Towards Reusable Analyses: A Three-Step Approach


Let’s explore a three-step approach:

  1. Capture Software and Code:
    • Objective: Package analysis code and its dependencies for reliable and reproducible execution.
    • Current Practices: Many analyses utilize Git (GitHub/GitLab) for code version control. Some leverage containerization technologies (e.g., Docker, Singularity) to encapsulate the entire software environment.
  2. Capture Commands:
    • Objective: Define the precise commands required to execute the analysis code.
    • Current Challenges: Analysis scripts often consist of complex and difficult-to-understand sequences of bash or Python commands.
  3. Capture Workflow:
    • Objective: Define the ordered execution of commands within the analysis, independent of the specific computing environment.
    • Focus: This tutorial will delve into workflow management using modern tools like Snakemake and demonstrate how to execute these workflows on CERN’s REANA platform.

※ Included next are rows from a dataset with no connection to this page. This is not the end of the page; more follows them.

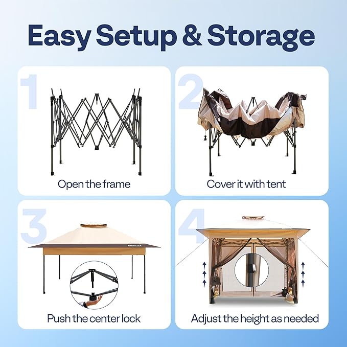 - VERSATILE USE FOR OUTDOOR: Ideal for a wide range of outdoor activities, including picnics, camping, backyard BBQs, parties, and market stalls; The water-resistant and sun-resistant fabric provides reliable protection from rain and harmful UV rays; Perfect for any occasion, creating a cozy, shaded, and welcoming outdoor environment for family and friends
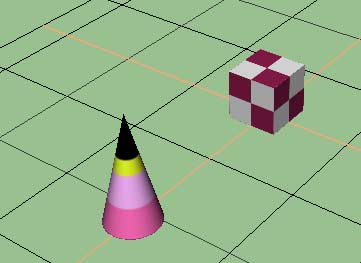 Verbinden - Das mag im wahren Leben eine aufregende Herausforderung sein, in Maya ist das Verbinden von Parametern eine etwas trockene Angelegenheit. Aber die "logische Verbindung von zwei oder mehr Attributen" kann durchaus aufregende Ergebnisse bringen. Hier ist die Maya 6 Binary-Szene. Wir beginnen mit zwei Grundkörpern: einem Kegel und einem Würfel: |
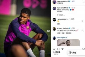 体育资讯10月24日讯 不久前,巴萨前锋拉什福德更新社交媒体,晒出了自己的训练照。
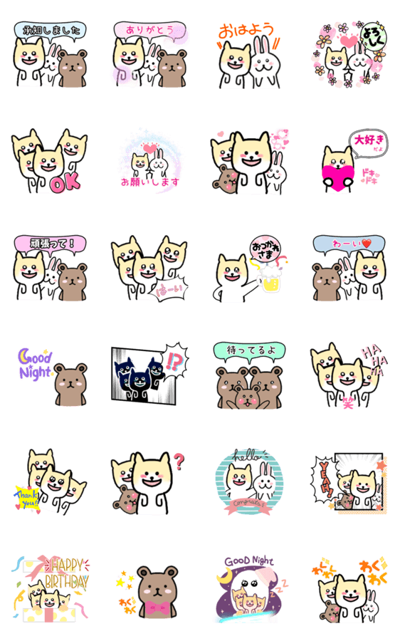 毎日使える。わんちゃんと仲間たち可愛い癒し系スタンプ。LINEスタンプメーカーでつくったスタンプです。
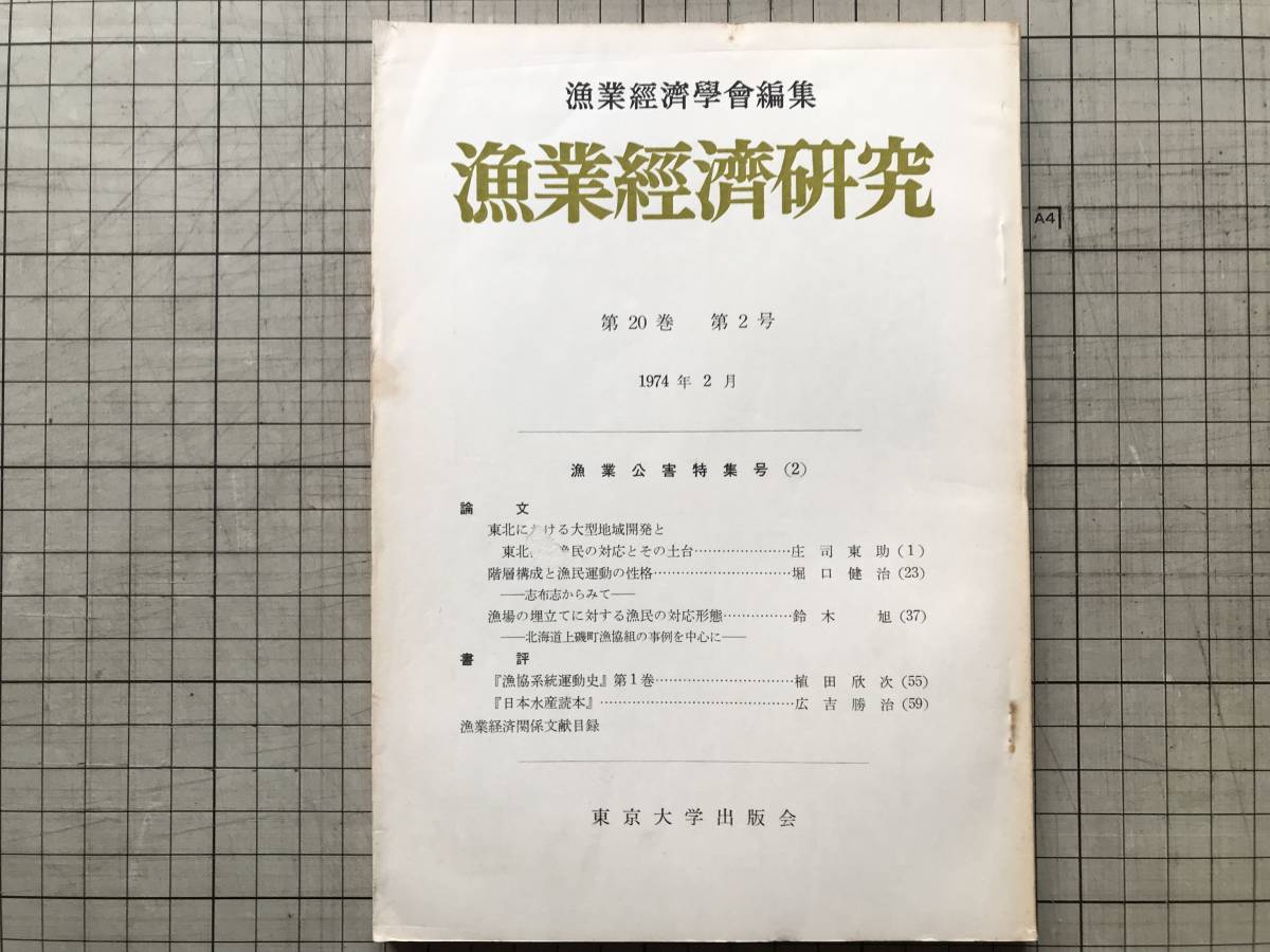 > 『漁業経済研究 第20巻第2号 1974年2月 漁業公害特集号2』漁業経済学会編集 階層構成と漁民運動・志布志・上磯町 他 東京大学出版会 07861

By implementing these steps, we can significantly improve the reproducibility, maintainability, and shareability of our physics analyses.

A quick remark on LAW

While some analysts utilize the Luigi Analysis Workflow (LAW)[https://github.com/riga/law], a workflow orchestration tool built on top of Spotify’s (Luigi)[https://github.com/spotify/luigi] and developed by a CMS physicist, this tutorial focuses on Snakemake. Both LAW and Snakemake are excellent tools, and if you’re already using LAW for your workflow management, that’s great!

What does reproducibility has to do with me?


Who are the first users of a reproducible workflow?

Me, myself and my group. 😁

While we’ve discussed capturing entire CMS analyses, the benefits of reproducible workflows extend beyond best practices.

  • Streamlining Repetitive Tasks: Many analyses involve numerous small, repetitive steps. Workflow orchestration tools automate these tasks, saving significant time and resources.
  • Facilitating Future Revisions: With increasingly complex analyses and rigorous CMS review processes, the need to revisit and modify earlier steps in the analysis is inevitable. A well-defined workflow ensures that these revisions can be implemented efficiently and accurately, preventing the need to “reinvent the wheel.”

Ultimately, remember that the most frequent user of your analysis code will be your future self.

Key Points

  • Workflow orchestration tools automate repetitive tasks, saving time and resources.
  • Well-defined workflows facilitate efficient and accurate revisions in complex analyses.